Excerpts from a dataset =
• • • • • • •
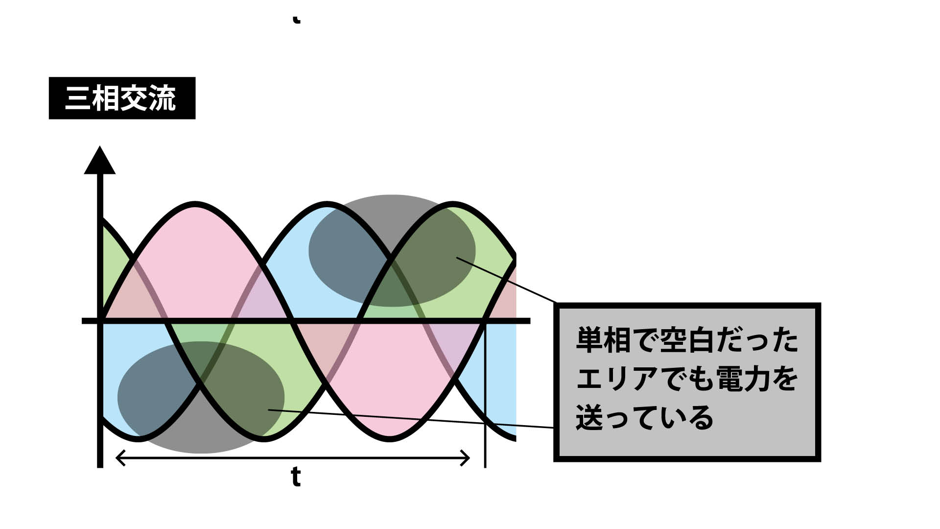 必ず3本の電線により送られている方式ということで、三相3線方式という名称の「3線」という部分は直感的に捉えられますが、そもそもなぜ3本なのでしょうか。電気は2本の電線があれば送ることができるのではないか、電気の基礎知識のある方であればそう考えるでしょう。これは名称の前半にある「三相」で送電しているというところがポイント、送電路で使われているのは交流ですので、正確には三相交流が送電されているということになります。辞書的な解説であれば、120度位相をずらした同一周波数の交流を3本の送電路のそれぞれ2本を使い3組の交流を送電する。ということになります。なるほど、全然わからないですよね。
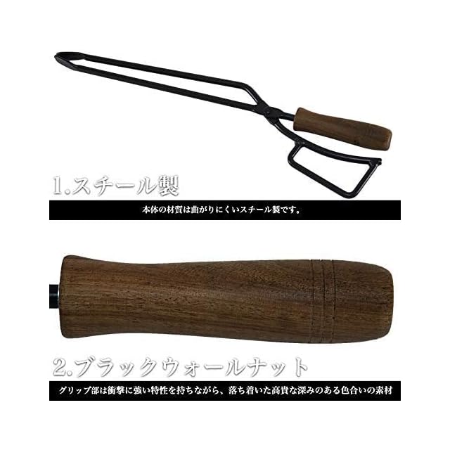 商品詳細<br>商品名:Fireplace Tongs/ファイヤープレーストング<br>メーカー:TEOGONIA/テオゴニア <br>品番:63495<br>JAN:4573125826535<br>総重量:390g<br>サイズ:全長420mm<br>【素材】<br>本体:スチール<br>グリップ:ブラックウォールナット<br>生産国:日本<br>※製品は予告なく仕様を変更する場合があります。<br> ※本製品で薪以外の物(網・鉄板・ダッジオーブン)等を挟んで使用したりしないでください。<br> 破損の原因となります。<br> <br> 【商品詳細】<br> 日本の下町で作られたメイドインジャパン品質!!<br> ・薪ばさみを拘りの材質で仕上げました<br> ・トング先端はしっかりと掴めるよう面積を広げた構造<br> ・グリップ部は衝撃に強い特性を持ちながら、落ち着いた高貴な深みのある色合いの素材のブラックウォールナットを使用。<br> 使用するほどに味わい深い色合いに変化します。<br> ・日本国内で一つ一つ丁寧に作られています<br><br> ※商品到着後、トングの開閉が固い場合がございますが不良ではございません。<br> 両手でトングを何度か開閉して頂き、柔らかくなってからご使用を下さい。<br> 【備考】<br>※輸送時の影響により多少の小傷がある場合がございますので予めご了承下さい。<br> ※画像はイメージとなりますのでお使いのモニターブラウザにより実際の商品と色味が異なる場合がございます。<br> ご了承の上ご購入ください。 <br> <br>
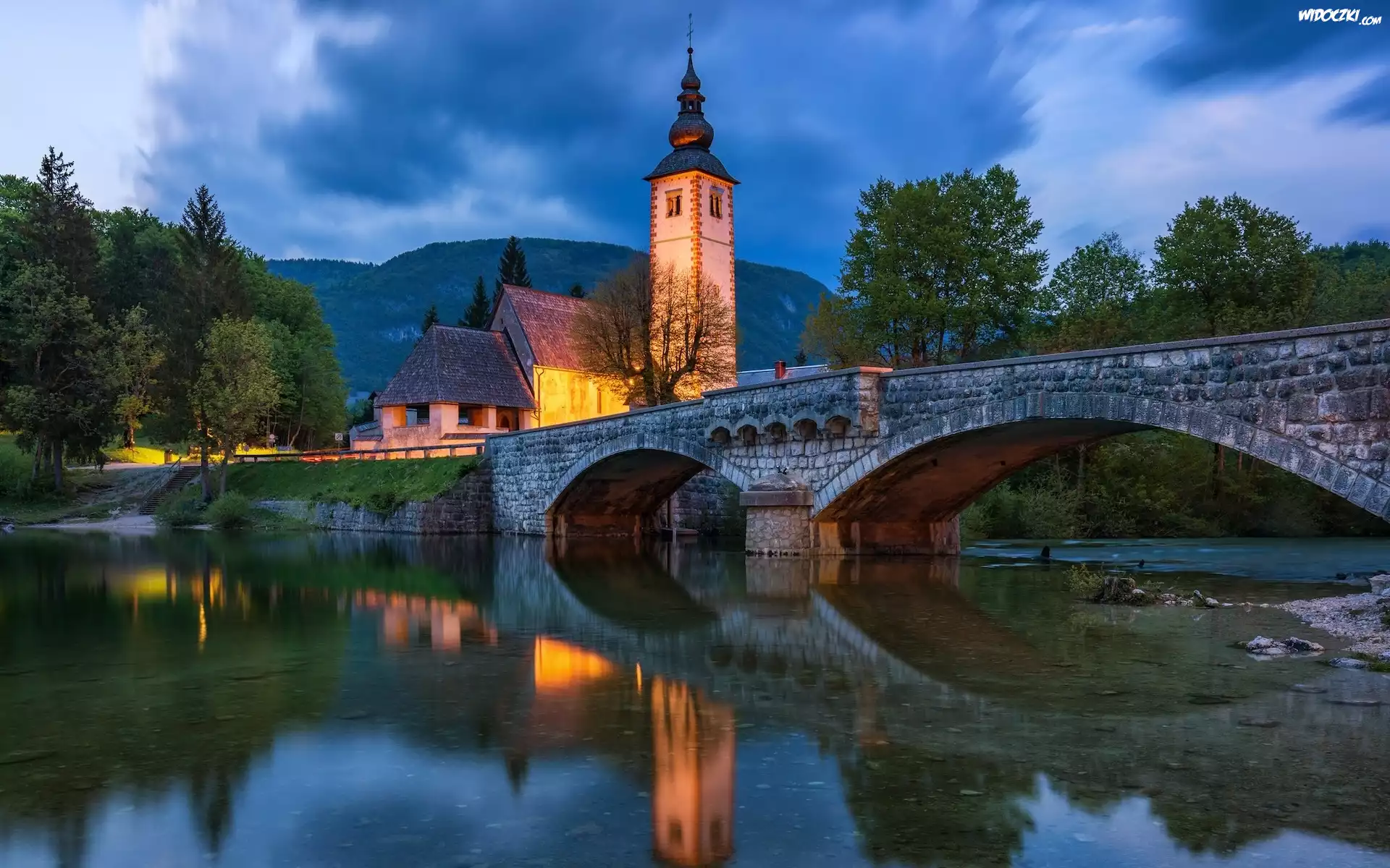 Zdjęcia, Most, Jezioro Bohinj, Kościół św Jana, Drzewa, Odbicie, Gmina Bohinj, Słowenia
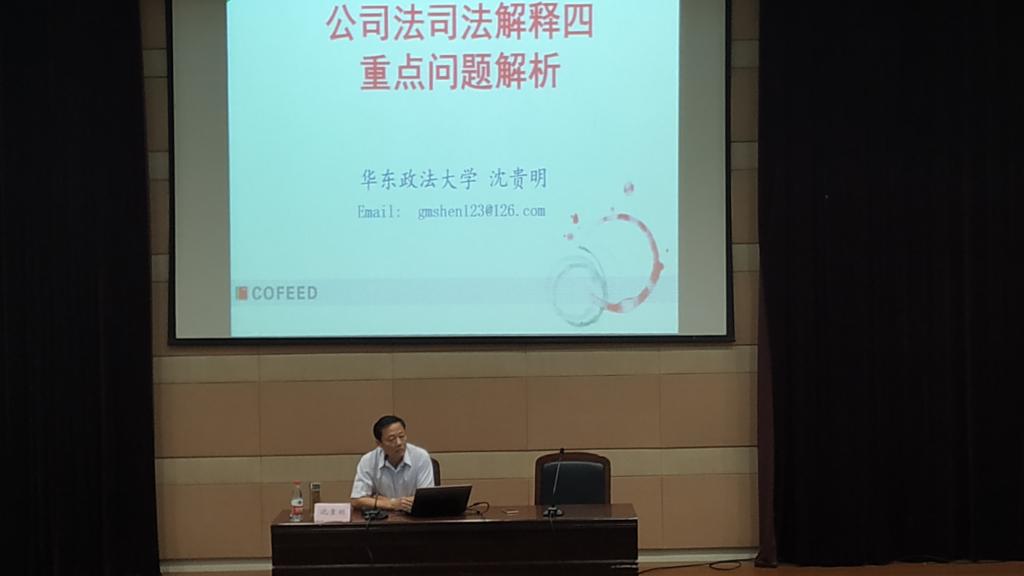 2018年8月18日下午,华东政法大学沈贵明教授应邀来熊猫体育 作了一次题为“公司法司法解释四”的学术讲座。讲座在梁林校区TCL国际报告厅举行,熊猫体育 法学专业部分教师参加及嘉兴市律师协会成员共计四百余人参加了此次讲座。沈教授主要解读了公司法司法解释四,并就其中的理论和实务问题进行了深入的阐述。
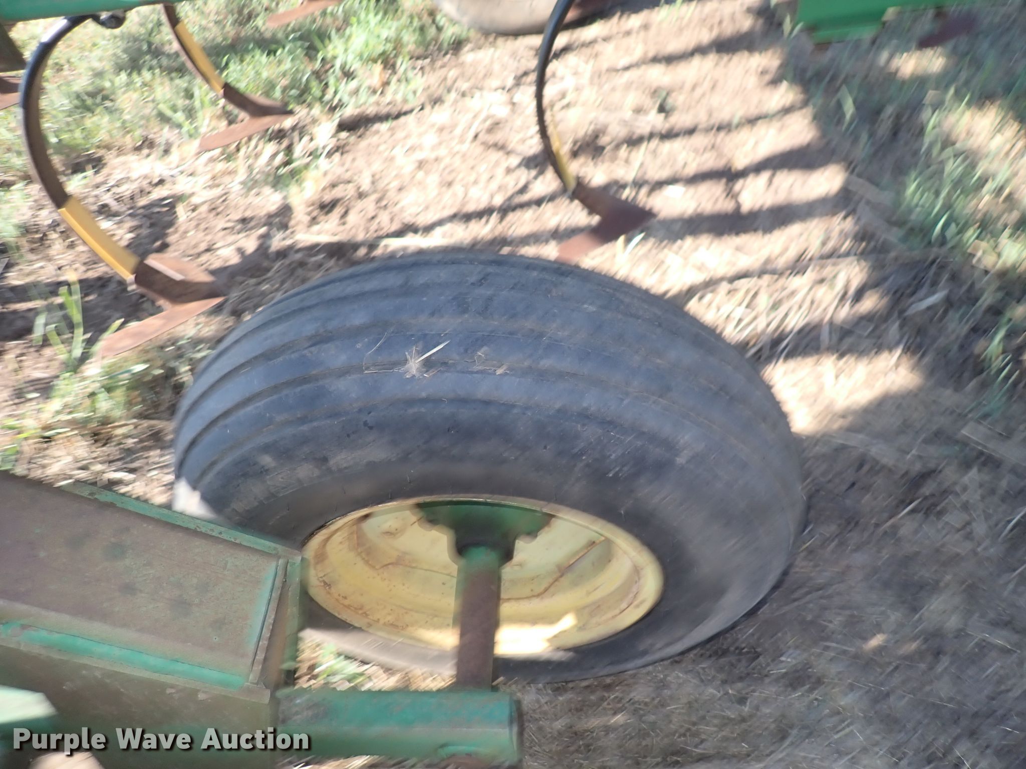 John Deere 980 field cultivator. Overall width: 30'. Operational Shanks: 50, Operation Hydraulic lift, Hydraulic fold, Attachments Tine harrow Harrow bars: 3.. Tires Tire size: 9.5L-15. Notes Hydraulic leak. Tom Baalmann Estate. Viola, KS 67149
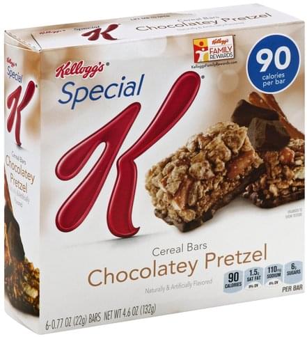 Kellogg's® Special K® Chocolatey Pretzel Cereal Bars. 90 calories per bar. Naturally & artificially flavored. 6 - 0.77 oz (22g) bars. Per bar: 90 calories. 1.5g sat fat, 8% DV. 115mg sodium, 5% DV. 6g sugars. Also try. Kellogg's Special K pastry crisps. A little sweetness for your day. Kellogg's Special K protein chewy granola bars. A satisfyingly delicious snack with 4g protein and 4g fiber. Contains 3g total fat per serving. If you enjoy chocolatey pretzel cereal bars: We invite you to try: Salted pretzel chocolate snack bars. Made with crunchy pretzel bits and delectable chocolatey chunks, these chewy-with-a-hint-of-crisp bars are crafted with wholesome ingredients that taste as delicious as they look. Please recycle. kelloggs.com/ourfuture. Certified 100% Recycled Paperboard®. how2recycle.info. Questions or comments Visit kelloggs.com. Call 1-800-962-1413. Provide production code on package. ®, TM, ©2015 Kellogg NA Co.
• • • • • • •
What is needed =
Your task is to repeat the records exactly. Images do not belong in the copy.

Final answer =
 必ず3本の電線により送られている方式ということで、三相3線方式という名称の「3線」という部分は直感的に捉えられますが、そもそもなぜ3本なのでしょうか。電気は2本の電線があれば送ることができるのではないか、電気の基礎知識のある方であればそう考えるでしょう。これは名称の前半にある「三相」で送電しているというところがポイント、送電路で使われているのは交流ですので、正確には三相交流が送電されているということになります。辞書的な解説であれば、120度位相をずらした同一周波数の交流を3本の送電路のそれぞれ2本を使い3組の交流を送電する。ということになります。なるほど、全然わからないですよね。
 商品詳細<br>商品名:Fireplace Tongs/ファイヤープレーストング<br>メーカー:TEOGONIA/テオゴニア <br>品番:63495<br>JAN:4573125826535<br>総重量:390g<br>サイズ:全長420mm<br>【素材】<br>本体:スチール<br>グリップ:ブラックウォールナット<br>生産国:日本<br>※製品は予告なく仕様を変更する場合があります。<br> ※本製品で薪以外の物(網・鉄板・ダッジオーブン)等を挟んで使用したりしないでください。<br> 破損の原因となります。<br> <br> 【商品詳細】<br> 日本の下町で作られたメイドインジャパン品質!!<br> ・薪ばさみを拘りの材質で仕上げました<br> ・トング先端はしっかりと掴めるよう面積を広げた構造<br> ・グリップ部は衝撃に強い特性を持ちながら、落ち着いた高貴な深みのある色合いの素材のブラックウォールナットを使用。<br> 使用するほどに味わい深い色合いに変化します。<br> ・日本国内で一つ一つ丁寧に作られています<br><br> ※商品到着後、トングの開閉が固い場合がございますが不良ではございません。<br> 両手でトングを何度か開閉して頂き、柔らかくなってからご使用を下さい。<br> 【備考】<br>※輸送時の影響により多少の小傷がある場合がございますので予めご了承下さい。<br> ※画像はイメージとなりますのでお使いのモニターブラウザにより実際の商品と色味が異なる場合がございます。<br> ご了承の上ご購入ください。 <br> <br>
 Zdjęcia, Most, Jezioro Bohinj, Kościół św Jana, Drzewa, Odbicie, Gmina Bohinj, Słowenia
 2018年8月18日下午,华东政法大学沈贵明教授应邀来熊猫体育 作了一次题为“公司法司法解释四”的学术讲座。讲座在梁林校区TCL国际报告厅举行,熊猫体育 法学专业部分教师参加及嘉兴市律师协会成员共计四百余人参加了此次讲座。沈教授主要解读了公司法司法解释四,并就其中的理论和实务问题进行了深入的阐述。
 John Deere 980 field cultivator. Overall width: 30'. Operational Shanks: 50, Operation Hydraulic lift, Hydraulic fold, Attachments Tine harrow Harrow bars: 3.. Tires Tire size: 9.5L-15. Notes Hydraulic leak. Tom Baalmann Estate. Viola, KS 67149
 Kellogg's® Special K® Chocolatey Pretzel Cereal Bars. 90 calories per bar. Naturally & artificially flavored. 6 - 0.77 oz (22g) bars. Per bar: 90 calories. 1.5g sat fat, 8% DV. 115mg sodium, 5% DV. 6g sugars. Also try. Kellogg's Special K pastry crisps. A little sweetness for your day. Kellogg's Special K protein chewy granola bars. A satisfyingly delicious snack with 4g protein and 4g fiber. Contains 3g total fat per serving. If you enjoy chocolatey pretzel cereal bars: We invite you to try: Salted pretzel chocolate snack bars. Made with crunchy pretzel bits and delectable chocolatey chunks, these chewy-with-a-hint-of-crisp bars are crafted with wholesome ingredients that taste as delicious as they look. Please recycle. kelloggs.com/ourfuture. Certified 100% Recycled Paperboard®. how2recycle.info. Questions or comments Visit kelloggs.com. Call 1-800-962-1413. Provide production code on package. ®, TM, ©2015 Kellogg NA Co.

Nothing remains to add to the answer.